Building a DGA Classifier: Part 3, Model Selection
Want to share your content on R-bloggers? click here if you have a blog, or here if you don't.
This is part two of a three-part blog series on building a DGA classifier and it is split into the three phases of building a classifier: 1) Data preparation 2) Feature engineering and 3) Model selection (this post)
Back in part 1, we prepared the data and we are starting with a nice clean list of domains labeled as either legitimate (“legit”) or generated by an algorithm (“dga”). Then in part 2, we calculated various features which included length, entropy, several combinations of n-grams and finally a dictionary matching feature that calculated the percentage of characters that can be explained by dictionary words. Now we want to select a model and generate an algorithm to classify new domains. While we are doing that we will also double check how well each of the features we generated in part 2 perform. You should fully expect to remove several of our features during this step. If you’d like to follow along, you can grab the sampledga CSV directly or from R run the following code.
# this code will load up the compressed CSV from the dds website: dataurl <- "http://datadrivensecurity.info/blog/data/2014/10/sampledga.csv.gz" # create a gzip connection con <- gzcon(url(dataurl)) # read in the (uncompressed) data txt <- readLines(con) # read in the text as a CSV sampledga <- read.csv(textConnection(txt))
As we create an algorithm to classify, we have to answer a very, very important question… “How do we know this algorithm will perform well with data we haven’t seen yet?” All we have to work with is the data we have, so how can we get feedback about the data we haven’t seen? It would be a whole lot of work to go out and get a second labeled data set to test this against. The solution is a whole lot simpler: rather than use all of the data to generate the algorithm, you can set aside some samples to test how well the algorithm performs on data it hasn’t seen. These “test” samples will not be used to generate or “train” the algorithm so they will give you a fairly good sense of how well you are doing.

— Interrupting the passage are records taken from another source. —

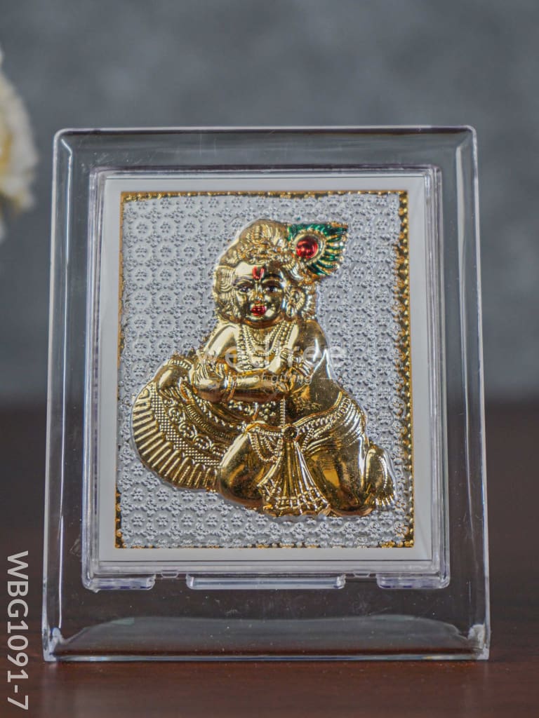 German Silver Plated Butter Krishna Photoframe (4.5 inch) with Stand - WBG1091-7
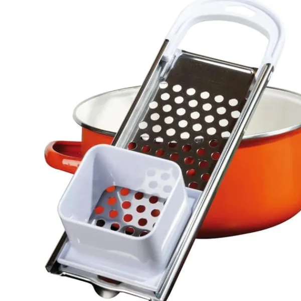 ✅ HOLDBART – Rivejern lavet af rustfrit stål i sølv af højeste kvalitet og holdbar hvid plastik. Rivejernet er ekstremt nemt at bruge og holdbart.
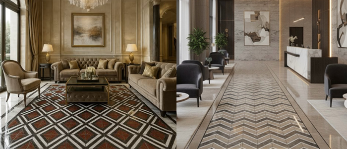 The Imagine Series reimagines Nara Marble by experimenting with different base tiles, unlocking fresh possibilities for creative design. Inspired by the traditional flooring patterns of Rambagh Fort, this porcelain collection revives the elegance of marble mosaics while offering the ease of modern installation through preplanned mesh systems. With its rich blend of textures, shades, and patterns, Nara Marble extends the beauty of ornate interiors into contemporary spaces, adaptable for floors, walls, carpet inserts, and borders.
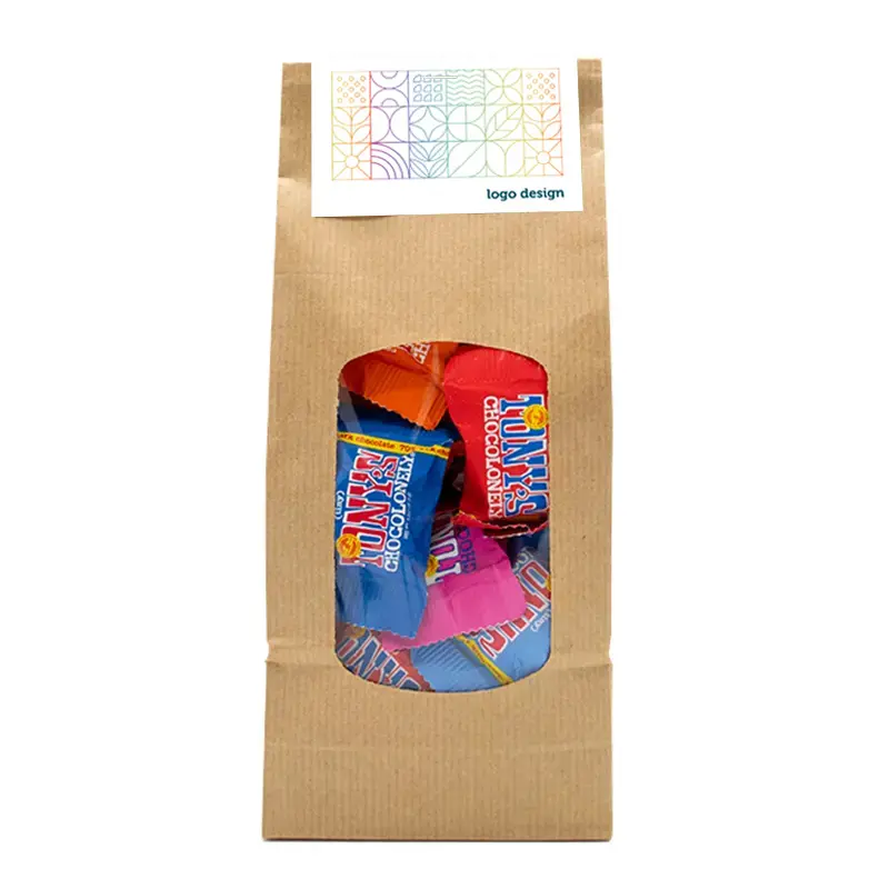 Hvor sjovt er det ikke at give en pose med hele 25 Tiny Tony's i forskellige smagsvarianter? Kraftposen lukkes med et kort, som kan trykkes i fuld farve med dit logo eller eget design.

How we generate the “test” data and the “training” data can get a little
tricky on real data. The sample data in this example is fairly well
balanced with half being “legit” and the other half is “dga”. But if you
separate on the subclass you can see 4,948 samples are from alexa and
only 52 are from the opendns list of domains. If you were to randomly
separate the training from test data, you may get all the opendns
samples in one set and none in the other. To make sure we good
representation from each subclass we will do stratified random sampling,
meaning we will randomly assign each subclass to either the training or
test data to ensure even distribution. In order to do that quickly (and
most everything else in this step), we will leverage the caret
package.
An Brief Introduction to Caret
Directly from the package website, “The caret package (short for Classification And REgression Training) is a set of functions that attempt to streamline the process for creating predictive models.” It not only has an overwhelming list of models supported (over 150), it also has several supporting functions that will make this part of the process a whole lot easier. But it’s not enough to just install the caret package because it’s mostly just a wrapper. You’ll also have to install the package to support the model you are using. The huge benefit is that the way we will call different model is standardized and the results will be directly comparable. This is a huge advantage when selecting models.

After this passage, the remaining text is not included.